PVPS classifier shows political identity changes how images are perceived

Using 82K evaluations from 5,575 U.S. adults, a new AI predicts image sentiment per identity.

Deep Dive

Standard computer vision tools treat images as having fixed meaning, averaging across human evaluations to produce a single score. This ignores decades of political science research showing that political and social identities fundamentally shape how people interpret visual information. To address this, Elena Sirotkina introduces the Perspectivist Visual Political Sentiment (PVPS) classifier, a novel model trained on 82,000 evaluations from 5,575 U.S. adults. Rather than collapsing disagreement into an average, PVPS preserves it, outputting an evaluative profile that maps agreement and divergence along specific identity lines (e.g., political party, social ideology). This allows the model to predict how different audience segments will perceive the same image—not just a single sentiment score.

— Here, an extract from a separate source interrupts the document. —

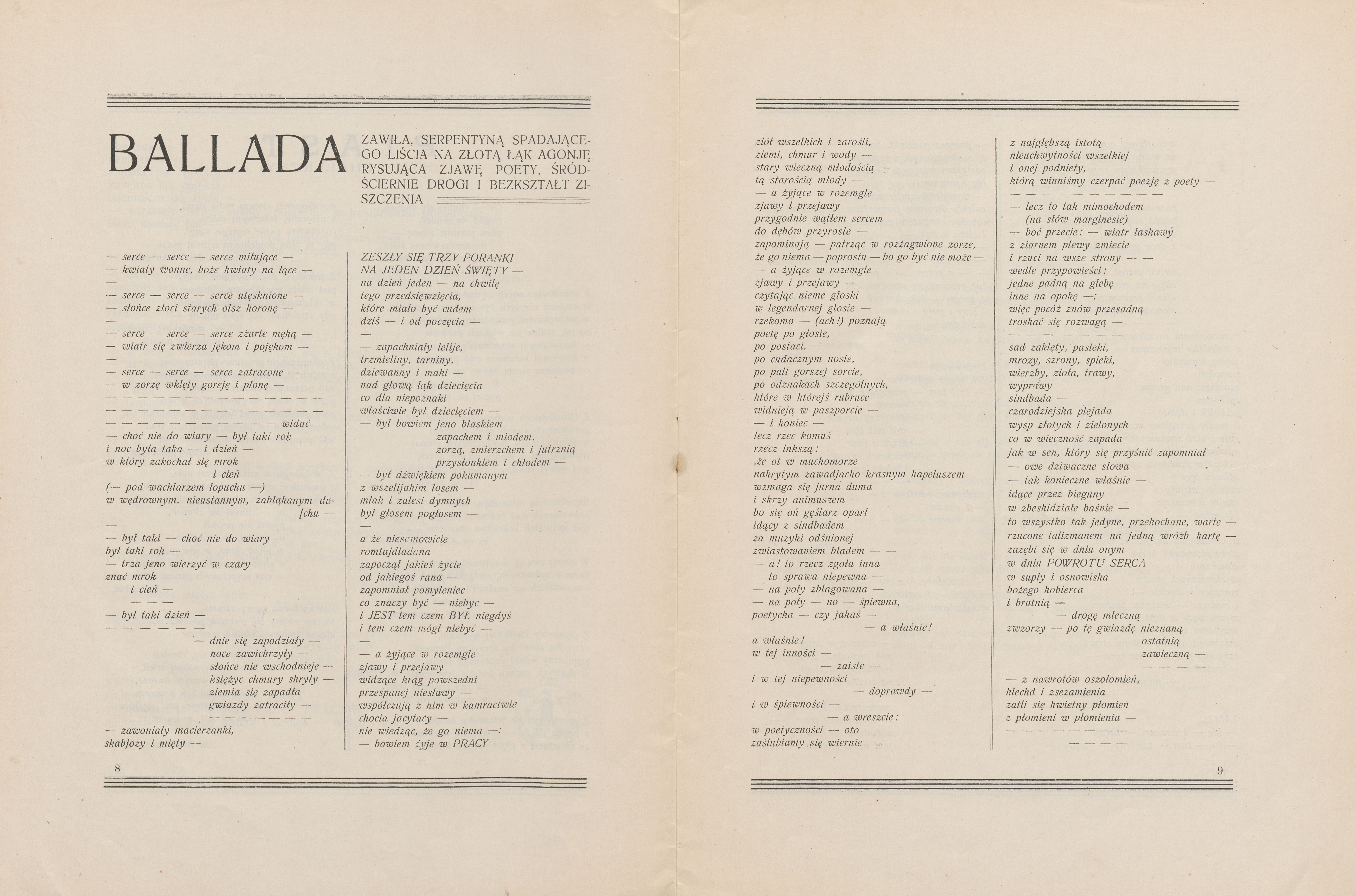 W numerze znalazły się m.in. teksty Jana Nepomucena Millera, Emila Zegadłowicza, Bolesława Leśmiana, Stanisława Miłaszewskiego, Stanisława Ignacego Witkiewicza i Edwarda Kozikowskiego, oraz ilustracje Edwarda Porządkowskiego i Wacława Wąsowicza.

Applied to several influential studies of visual sentiment, PVPS reveals striking shifts: perceived violence in protest imagery and the emotional mechanisms driving image engagement both change substantively once audience identity is accounted for. For example, an image of a protest may be seen as peaceful by one demographic and violent by another. The findings have deep implications for computer vision, social media analysis, and AI fairness. As Sirotkina writes, 'what a political image conveys is a moving target, and measuring it requires knowing whom it is moving.' The paper—61 pages with 10 figures and 9 tables—marks a critical step toward perspectivist AI that respects human diversity rather than averaging it away.

Key Points
  • PVPS trained on 82,000 evaluations from 5,575 U.S. adults with diverse political and social identities.
  • Unlike standard sentiment tools, PVPS preserves disagreement and returns an evaluative profile per audience segment.
  • Applied to protest imagery, it found perceived violence and emotional effects shift based on viewer identity.

Why It Matters

For AI fairness, this shows image sentiment models must account for viewer identity to avoid biased conclusions.